Una investigación judicial que sacude al ámbito de la salud en Argentina tiene en el centro de la escena a dos profesionales del Hospital Italiano: el anestesiólogo Hernán Boveri y la médica residente Delfina Lanusse. Ambos fueron imputados por presunta administración fraudulenta de drogas, en una causa que indaga el uso indebido de fármacos hospitalarios en fiestas privadas.
La muerte de Zalazar y el escándalo que salpica al Hospital Italiano
El caso se conoció tras la muerte de Alejandro Zalazar, un médico anestesiólogo de 34 años que fue hallado sin vida en su departamento de Palermo el pasado 20 de febrero. La principal hipótesis apunta a una sobredosis de propofol y fentanilo, dos potentes anestésicos de uso hospitalario. La escena presentaba signos compatibles con intervención médica, lo que encendió las alarmas y derivó en una investigación más amplia.
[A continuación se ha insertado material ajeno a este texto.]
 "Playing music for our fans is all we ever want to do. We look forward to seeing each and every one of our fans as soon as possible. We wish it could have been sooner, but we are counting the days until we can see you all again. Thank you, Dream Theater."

Días después, el Hospital Italiano denunció faltantes de estos medicamentos, lo que permitió establecer un vínculo directo entre los fármacos hallados y el centro de salud. A partir de allí, la causa quedó en manos del fiscal Lucio Herrera y el juez Martín Sánchez Sarmiento, quienes ordenaron allanamientos que confirmaron el origen de las sustancias.
En ese contexto, surgieron indicios sobre la existencia de reuniones privadas denominadas informalmente “Propo fest” donde un grupo reducido de profesionales de la salud habría utilizado anestésicos con fines recreativos. Según los elementos que analiza la Justicia, en estos encuentros se ofrecían supuestos “viajes controlados”, en los que los participantes consumían drogas bajo supervisión médica a cambio de dinero.
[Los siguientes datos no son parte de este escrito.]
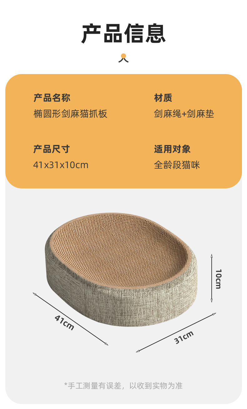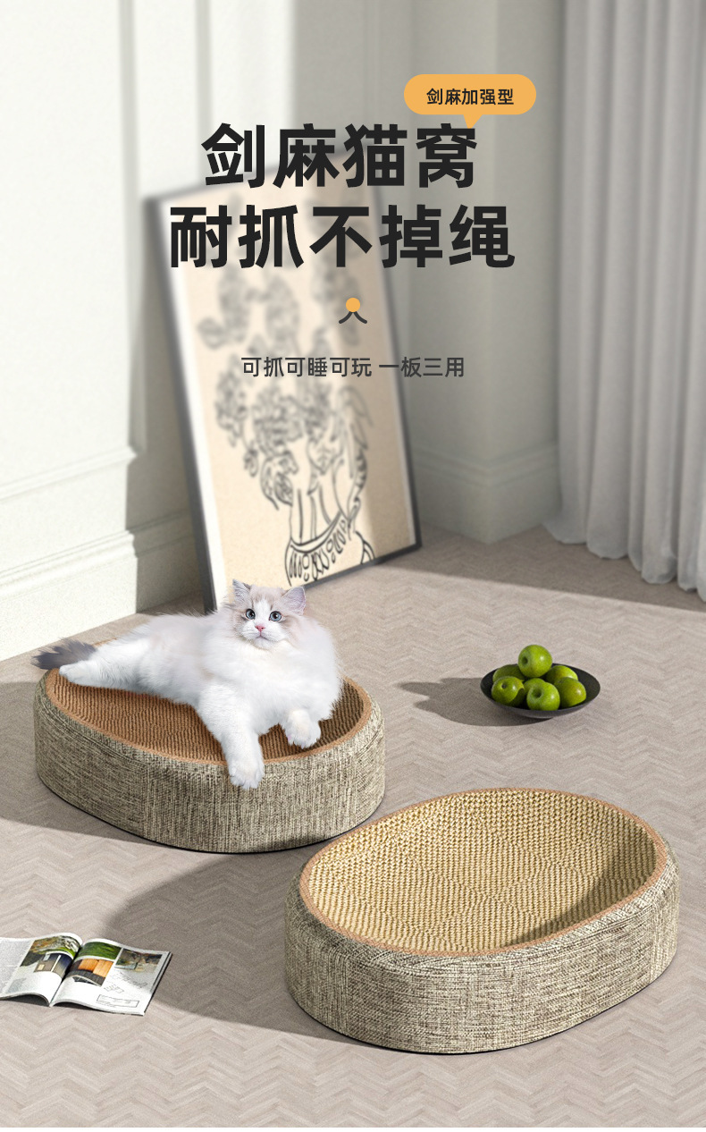 고양이 스크래치 보드 애완 동물 장난감 사이잘 브레이드 고양이 스크래치 보드 고양이 둥지 일체형 타원형 고양이 둥지 내마모성 및 긁힘 방지 고양이 용품스토어 가기

Boveri, con trayectoria en anestesiología y participación en espacios académicos internacionales, fue apartado de su cargo tras quedar vinculado a la causa. Por su parte, Lanusse, residente de tercer año y egresada de la Universidad Austral, también quedó bajo investigación.
Ambos prestaron declaración indagatoria Lanusse el 18 de marzo y Boveri el 25 de manera virtual y negaron las acusaciones en su contra. Además, tienen prohibida la salida del país mientras avanza el expediente judicial.

La Fiscalía ahora busca determinar si, además del uso indebido de medicamentos, existió una estructura organizada de comercialización de estos “servicios”, lo que podría agravar las imputaciones. También se investiga si hay más profesionales involucrados en esta presunta red clandestina.
El caso genera fuerte impacto en el sistema de salud y abre interrogantes sobre los controles en el manejo de sustancias sensibles dentro de instituciones médicas. Mientras tanto, la Justicia continúa reuniendo pruebas para esclarecer una trama que combina negligencia, ilegalidad y un uso extremo de recursos destinados al cuidado de la vida.